What do high Gini coefficients and diabetes, regressive taxation and cardiovascular disease, and low minimum wages and respiratory ailments have to do with each other? More than most people—even physicians and economists—may think.

It’s not news that economic inequality in the United States has sharply increased during the last 30 years. It’s also not news that super-sized soft drinks, the easy availability of assault weapons, and the lack of health insurance for 49 million people are tragically cutting many American lives short.

What could be big news is that inequality in the United States may be a factor contributing to Americans’ poorer health, especially compared to Western Europeans, Japanese, Canadians, and Australians.  According to a massive new report by the National Research Council and the Institute of Medicine, “U.S. Health in International Perspective: Shorter Lives, Poorer Health,” the United States ranks dead last among 17 rich countries in life expectancy and at or near the bottom in nine key health indicators, ranging from infant mortality, obesity, and heart disease to homicides, chronic lung diseases, and sexually transmitted diseases (STDs).

Table courtesy the paper's authors.

These international health rankings look remarkably similar to inequality rankings by the Organization for Economic Cooperation and Development (OECD). Denmark, Norway, and Sweden hover near the top with the best health outcomes and the least social inequality; France, Germany, the Netherlands, and Canada are in the middle of both rankings. The US and Portugal are at the bottom.

Among the 17 countries studied, the United States now has the greatest disparity in wealth between the richest 1 percent of households, whose $16.4 million average net worth is 288 times that of the median household. The US also has the lowest male life expectancy and the lowest probability of its citizens surviving to age 50. Likewise, average incomes of the top 1 percent are more than 70 times higher than those of the poorest fifth of Americans—much greater than in Western Europe or Japan. And finally, the US has the dubious distinction of having the highest rates of infant mortality, STDs, and deaths from car crashes and gun violence.
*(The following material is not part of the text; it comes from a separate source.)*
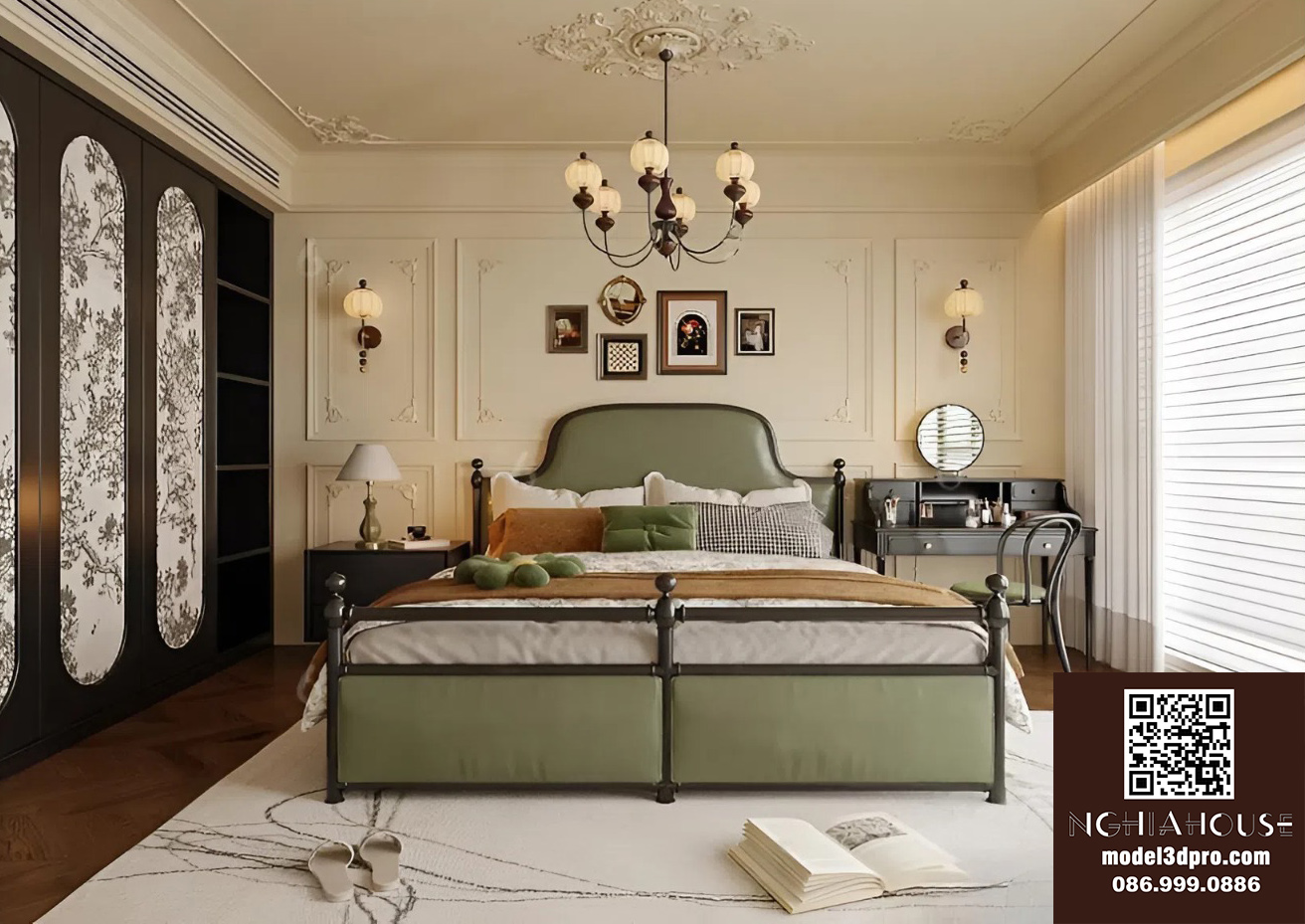 3D Model Asian Style Console Table Interior with Decorative Partition_107767822
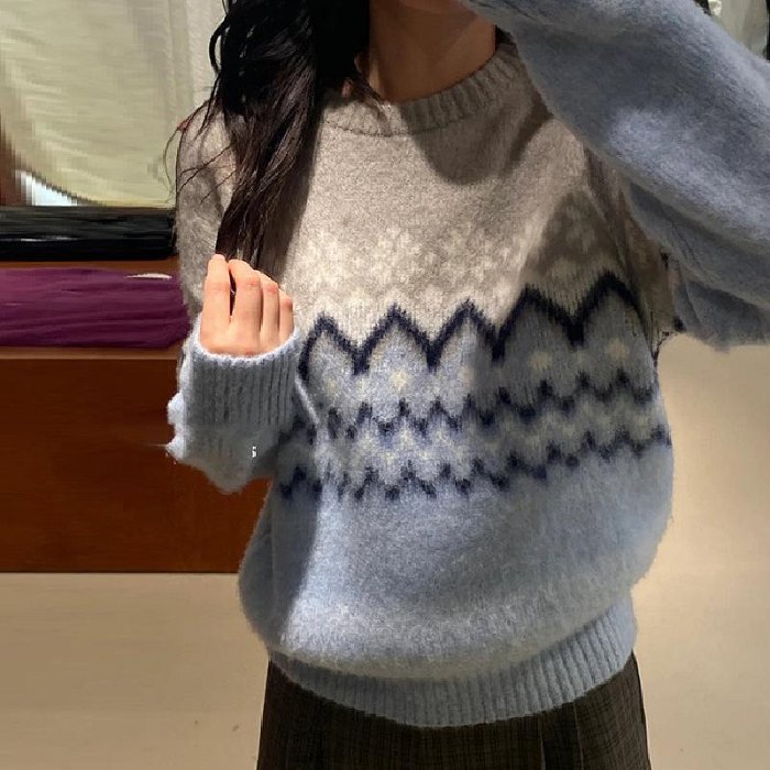 優寶購物《ubao.Tw》特貨品商城,黑貓宅配,取貨付款,2025秋季新款韓國東大門復古高級感重工提花圓領羊毛針織衫女毛衣 | Yahoo拍賣

Table courtesy the paper's authors.

Even fatal illnesses that our state-of-the-art medicine might be controlling, such as heart and lung diseases, are more likely to kill Americans than they are to kill citizens of all but one other country in the study. And the gaps have been widening, as America has been slipping farther behind other developed countries in health outcomes during the last 30 years.

Some might chalk this up to the fact that, prior to Obamacare, the US has had the highest proportion of people without health insurance. Others, pointing to the fact that the poor tend to be less healthy, would be right to note that the US has the highest poverty rate of the countries studied.

Yet, neither lack of health insurance nor poverty fully accounts for America’s miserable health ratings. Even well-to-do, white, college-educated Americans with health insurance fare less well than their counterparts in almost every other rich country.

While the report devotes only a paragraph to the role of high economic inequality, other researchers—notably Richard Wilkinson and Kate Pickett, authors of The Spirit Level: Why More Equal Societies Almost Always Do Better—argue that highly unequal income distribution harms all members of society. They posit that social stress, status anxiety, social competition, and lack of trust born of inequality lead to poorer health.

“Shorter lives and poorer health will ultimately harm the nation’s economy as health care costs rise and the workforce remains less healthy than that of other high-income countries,” concludes the authors of the National Research Council and the Institute of Medicine report.

Moral arguments against excessive inequality have recently been supplemented by macroeconomic evidence that inequality hinders economic growth and contributes to greater economic volatility. Now, we may add that inequality is medically harmful. This, in turn, brings the argument full circle.